Study abroad often means only meeting a very narrow category of people: students. Your fellow students are usually about the same age and often have the same, or similar, interests as you. This can mean university is a bit of a social bubble. You’ll learn with, live with and socialise with your fellow students. As a result, you miss out on integrating with the wider community around your institution. Volunteering is a great way to meet people outside of the student bubble. Working with charities, you can meet people of different ages, political inclinations, and social classes.

It’s also a great way to build up your CV. Volunteering shows that you’re conscientious and caring, as well as showing any future employers that you’re hard working and good at managing your time. You can also often tailor your volunteering to your future career. 

Below are some examples of activities you can get involved with if you’re studying in the UK, but the same sort of opportunities are available in other countries too. 

1.) There are a lot of charities working with older people in communities. Older people often struggle with loneliness. 200,000 older people in the UK say they haven’t had a conversation with friends or family for a month, and 3.9 million older people agree the television is their main form of company. AgeUk is the main charity working to combat this in the UK – you can check out how to get involved below.

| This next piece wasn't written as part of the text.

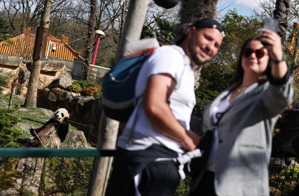 3月22日,在法国圣艾尼昂的博瓦勒野生动物园,游客与大熊猫“欢欢”自拍留念。新华社记者高静摄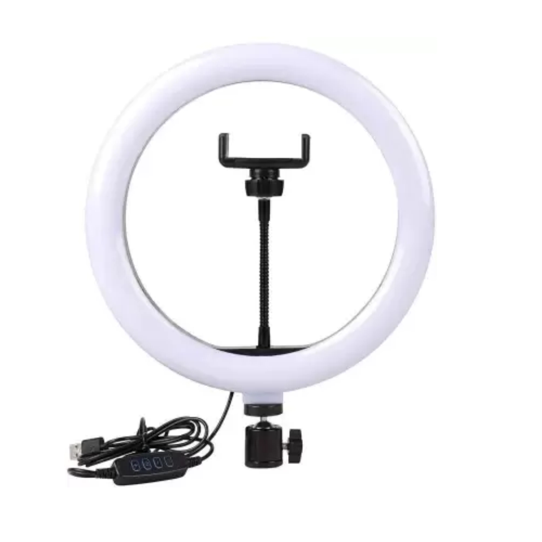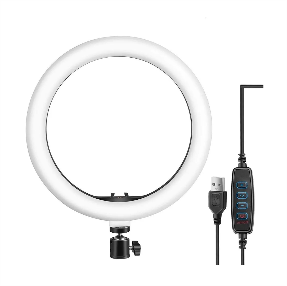 Ring fill light 12" ιντσών led. Ιδανικό για φωτογραφίσεις και video. Περιλαμβάνει βάση για κινητό. Έχει διακόπτη για ρύθμιση της φωτεινότητας και διαφορετικές θερμοκρασίες χώματος. Διαστάσεις 30.5×3.7×30.7cm.

2.) Most UK universities run schemes to help disadvantaged children in the local area. This could involve tutoring in schools, or just taking children on days out to help them build their confidence. For example, at the University of Oxford there is a scheme called Branch Up, which gives local children extra-curricular opportunities they might not otherwise have had. You can check out their work on the link below.

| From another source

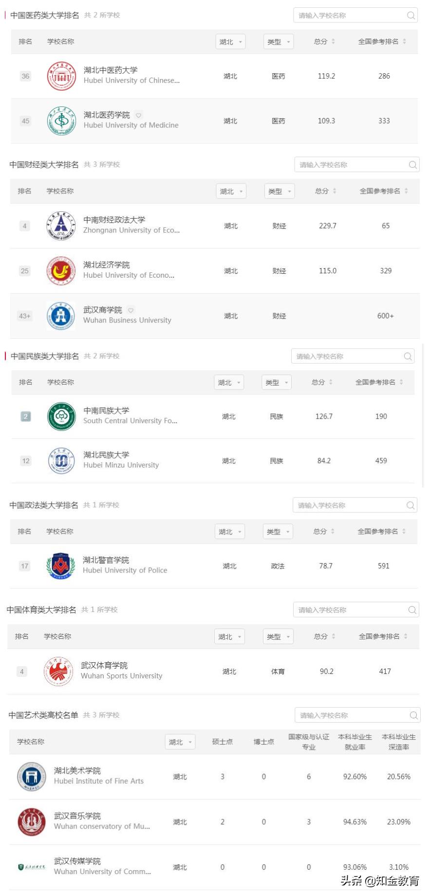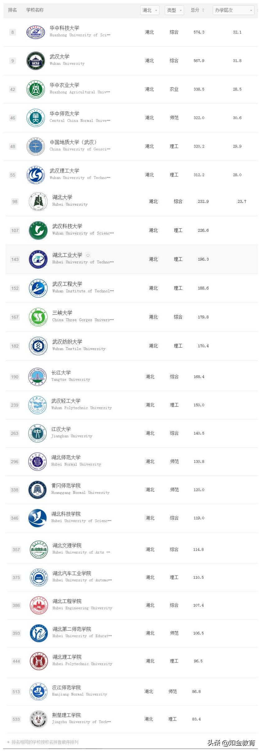2021湖北省大学排名(全国排名)

3.) If you want to work in the arts, most UK museums have a volunteering scheme you can join. Museums and galleries often depend on volunteers to keep their institutions going. This work often focuses on getting young children involved in the arts, although it could be as simple as working in the gift shop. It’s a great way to help out local kids, as well as getting valuable work experience for yourself. As an example, you can check out the opportunities offered at museums in Cambridge using the following link.

4.) If you’re a lawyer, a lot of universities run legal pro-bono courses. This is a great way to develop your practical legal skills and help the local community. Get in touch with your Student Union, or the head of the Law Society at your institution, to find out what opportunities there are in the local area. 

Volunteering is the best way to fully immerse yourself in local culture and community when you study abroad. Hopefully this article has convinced you to go out and get involved!